START SUPPLIED DATA

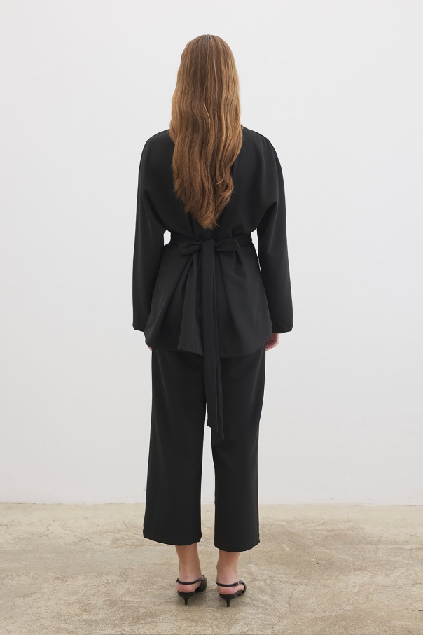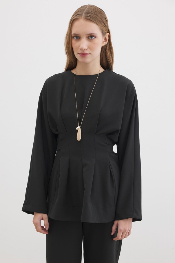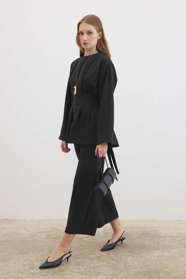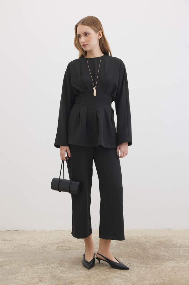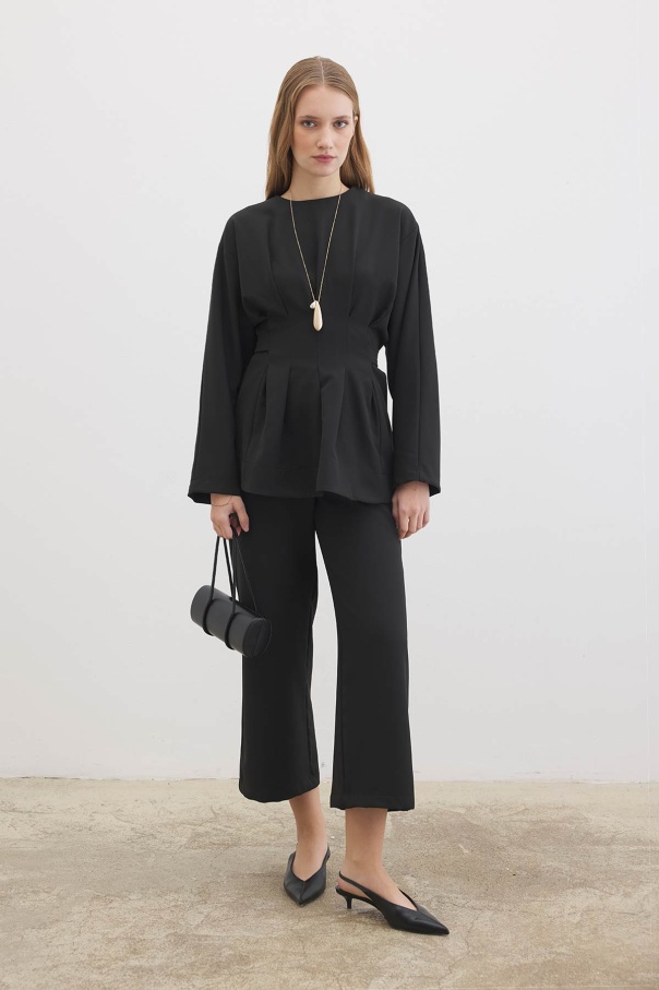 Pile Detaylı Bluz Siyah Pantolon Takım
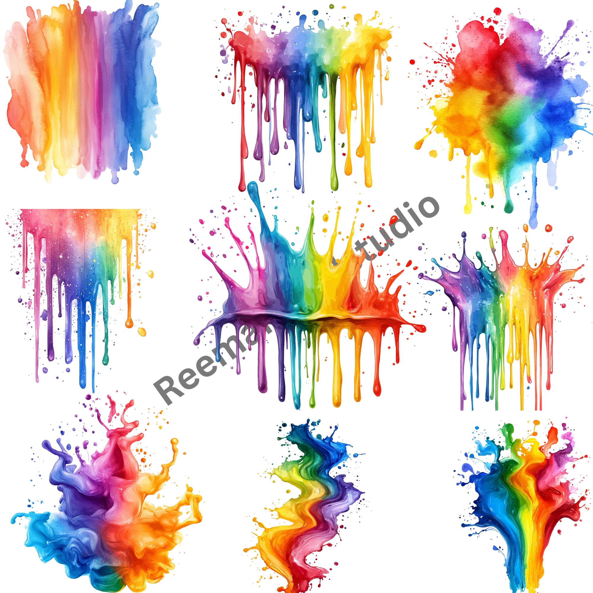 Rainbow Paint Splash Clipart Bundle | 23 Colorful PNG Files for Crafts, Scrapbooking & Digital Design
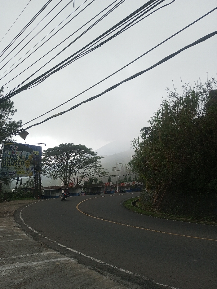 The image depicts a winding asphalt road, marked with a continuous yellow center line and white edge lines, curving to the right, in the city of Siruppiddy, Sri Lanka. The scene is overcast, with hills or mountains in the background partially obscured by mist or fog. On the left side of the road, a large billboard is visible, prominently displaying the words "EPIC" and "BRASCO," alongside images suggesting food or beverage products. Behind the billboard, a large, mature tree with a full green canopy stands. Below the billboard and tree, a series of small structures with blue and white facades, resembling vendor stalls or shops, line the roadside. Multiple thick, black electrical or communication lines crisscross the upper left portion of the frame, descending towards the foreground. A paved concrete shoulder with etched patterns is in the immediate foreground on the left. A single dark-colored motorcycle, operated by one rider, is observed on the road, mid-curve, traveling away from the viewer. On the right side of the road, a steep embankment is covered with dense, green vegetation, including tall grasses and various bushes. A narrow drainage channel runs parallel to the road at the base of this embankment.
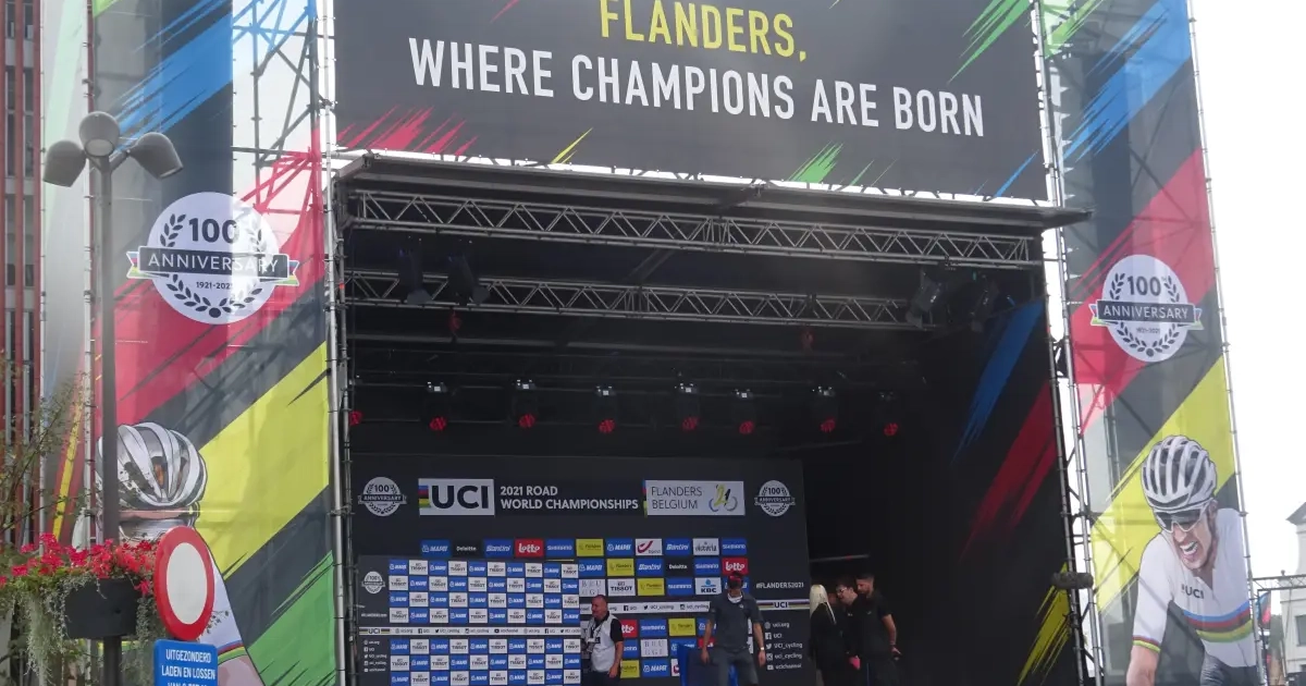 Het podium kunt u hierboven zien, dat is gevestigd aan 't Zand in Brugge. Zoals bekend zijn toeschouwers overal toegelaten en aan de aankomst is er dan ook een heus fandorp neergepoot, waar supporters naar kunnen afzakken. Daar worden uiteraard vooral Belgen verwacht die hopen op een triomf van Wout van Aert of Remco Evenepoel.
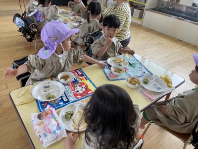 先日はあいにくの雨でデイキャンプが中止になってしまいましたが、年長さんたちはがっかりするどころか、園でとっても楽しい“特別デイキャンプ”を行いました!
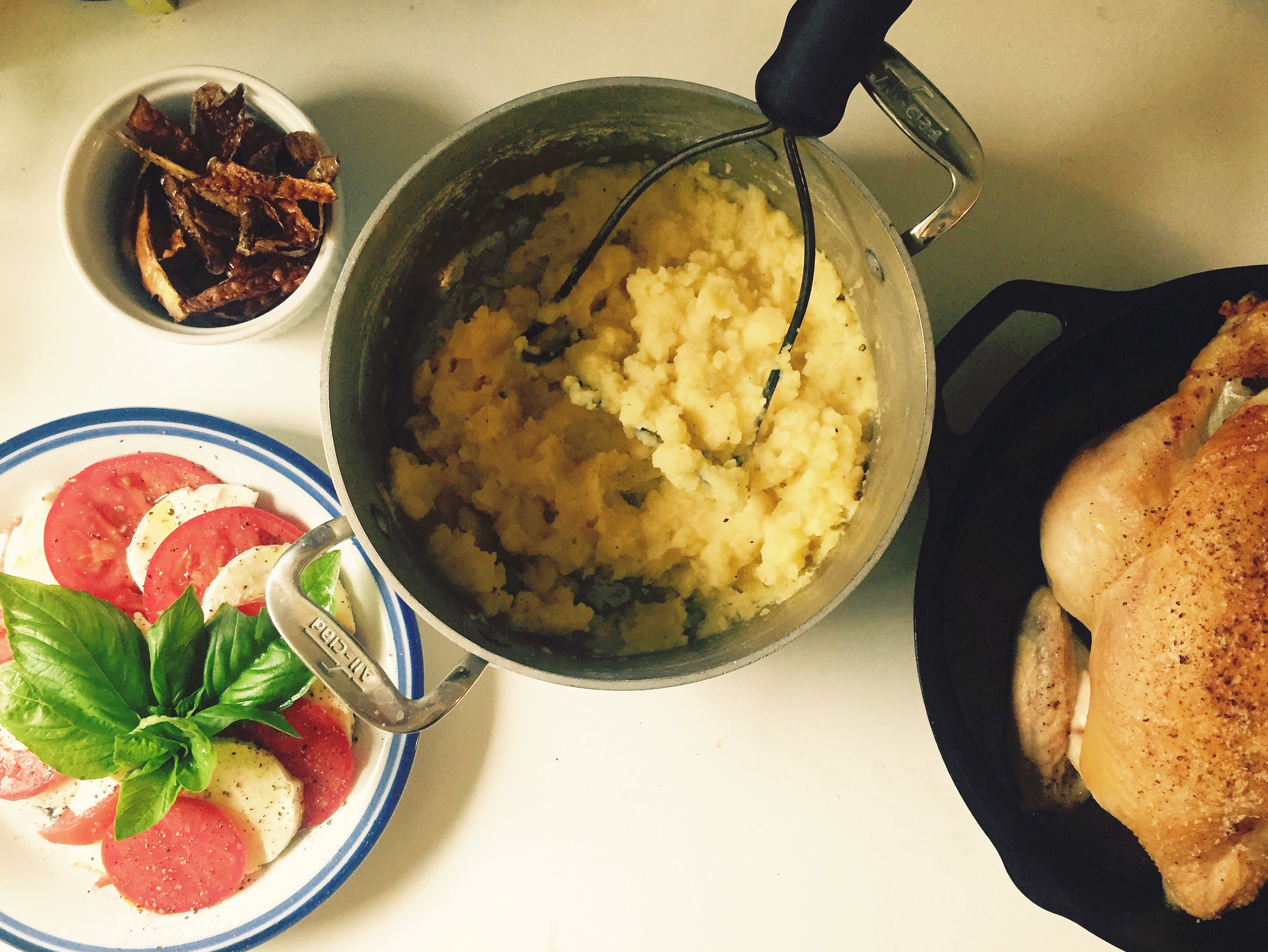 Roast Chicken, Mashed Potatoes, Caprese Salad, Crispy Potato Skins. I thought eating all these things together was weird. Caprese salad doesn’t go with mashed potatoes. I don’t know why I do these things. I saved the peels from the potatoes and tossed them with oil and salt and pepper and roasted them with the chicken for a crispy little snack that would have been delicious had I not burned them 😐 I also under cooked the mashed potatoes and they were lumpy and I didn’t add enough butter and this dinner just blew, honestly. So, yeah. Food bloggin’, y’all!
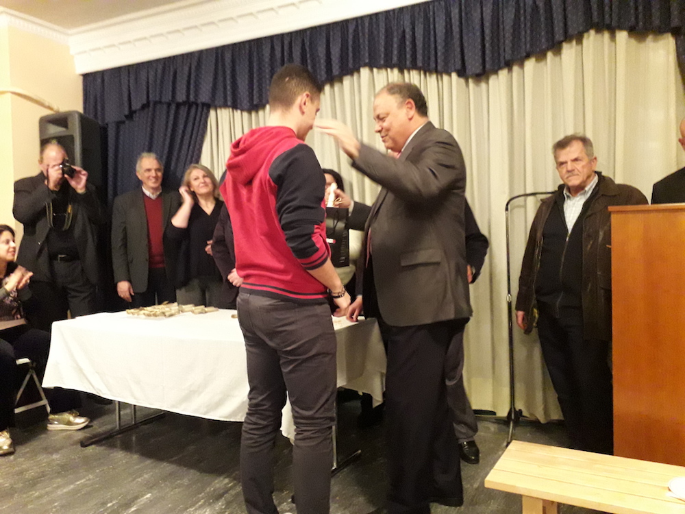 Μετά τη σύντομη ομιλία, το χαιρετισμό και τις ευχές του προέδρου της Αδελφότητας κ. Βρ. Κυπριώτη, ο οποίος πλαισιωνόταν από τα μέλη του Δ.Σ. και ακολούθησε η απονομή αναμνηστικών στους νέους φοιτητές από εκπροσώπους σωματείων των Κυθήρων και των Αντικυθήρων.
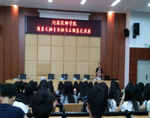 2015-05-12sunbet申搏开展“秘书五级鉴定指导”讲座 5月7日晚,sunbet申搏在实训楼讲学厅举行“秘书五级鉴定指导”讲座。讲座由河职院人文学院文秘专业讲师张智老师主讲,学院文秘专业组全体教师及13、14级全体同学参加了本次讲座。 (图)讲座现场 在讲座中,张老师现场对比了当前秘书...
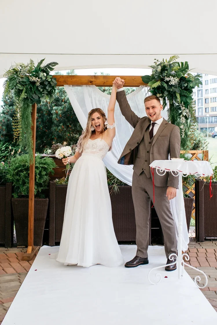 "Дима, хотим сказать тебе огромное спасибо ещё раз за то, что так здорово провёл нашу свадьбу!! Всем гостям и нам тоже очень понравилось)мы получали только положительные отзывы о тебе) ненавязчиво, тепло, душевно, уютно, весело и трогательно) мы точно не ошиблись в выборе, спасибоо и успехов тебе!"

END SUPPLIED DATA

Would you copy out the material above exactly, without the pictures in it?

> [WRITTEN ANSWER]
 Pile Detaylı Bluz Siyah Pantolon Takım
 Rainbow Paint Splash Clipart Bundle | 23 Colorful PNG Files for Crafts, Scrapbooking & Digital Design
 The image depicts a winding asphalt road, marked with a continuous yellow center line and white edge lines, curving to the right, in the city of Siruppiddy, Sri Lanka. The scene is overcast, with hills or mountains in the background partially obscured by mist or fog. On the left side of the road, a large billboard is visible, prominently displaying the words "EPIC" and "BRASCO," alongside images suggesting food or beverage products. Behind the billboard, a large, mature tree with a full green canopy stands. Below the billboard and tree, a series of small structures with blue and white facades, resembling vendor stalls or shops, line the roadside. Multiple thick, black electrical or communication lines crisscross the upper left portion of the frame, descending towards the foreground. A paved concrete shoulder with etched patterns is in the immediate foreground on the left. A single dark-colored motorcycle, operated by one rider, is observed on the road, mid-curve, traveling away from the viewer. On the right side of the road, a steep embankment is covered with dense, green vegetation, including tall grasses and various bushes. A narrow drainage channel runs parallel to the road at the base of this embankment.
 Het podium kunt u hierboven zien, dat is gevestigd aan 't Zand in Brugge. Zoals bekend zijn toeschouwers overal toegelaten en aan de aankomst is er dan ook een heus fandorp neergepoot, waar supporters naar kunnen afzakken. Daar worden uiteraard vooral Belgen verwacht die hopen op een triomf van Wout van Aert of Remco Evenepoel.
 先日はあいにくの雨でデイキャンプが中止になってしまいましたが、年長さんたちはがっかりするどころか、園でとっても楽しい“特別デイキャンプ”を行いました!
 Roast Chicken, Mashed Potatoes, Caprese Salad, Crispy Potato Skins. I thought eating all these things together was weird. Caprese salad doesn’t go with mashed potatoes. I don’t know why I do these things. I saved the peels from the potatoes and tossed them with oil and salt and pepper and roasted them with the chicken for a crispy little snack that would have been delicious had I not burned them 😐 I also under cooked the mashed potatoes and they were lumpy and I didn’t add enough butter and this dinner just blew, honestly. So, yeah. Food bloggin’, y’all!
 Μετά τη σύντομη ομιλία, το χαιρετισμό και τις ευχές του προέδρου της Αδελφότητας κ. Βρ. Κυπριώτη, ο οποίος πλαισιωνόταν από τα μέλη του Δ.Σ. και ακολούθησε η απονομή αναμνηστικών στους νέους φοιτητές από εκπροσώπους σωματείων των Κυθήρων και των Αντικυθήρων.
 2015-05-12sunbet申搏开展“秘书五级鉴定指导”讲座 5月7日晚,sunbet申搏在实训楼讲学厅举行“秘书五级鉴定指导”讲座。讲座由河职院人文学院文秘专业讲师张智老师主讲,学院文秘专业组全体教师及13、14级全体同学参加了本次讲座。 (图)讲座现场 在讲座中,张老师现场对比了当前秘书...
 "Дима, хотим сказать тебе огромное спасибо ещё раз за то, что так здорово провёл нашу свадьбу!! Всем гостям и нам тоже очень понравилось)мы получали только положительные отзывы о тебе) ненавязчиво, тепло, душевно, уютно, весело и трогательно) мы точно не ошиблись в выборе, спасибоо и успехов тебе!"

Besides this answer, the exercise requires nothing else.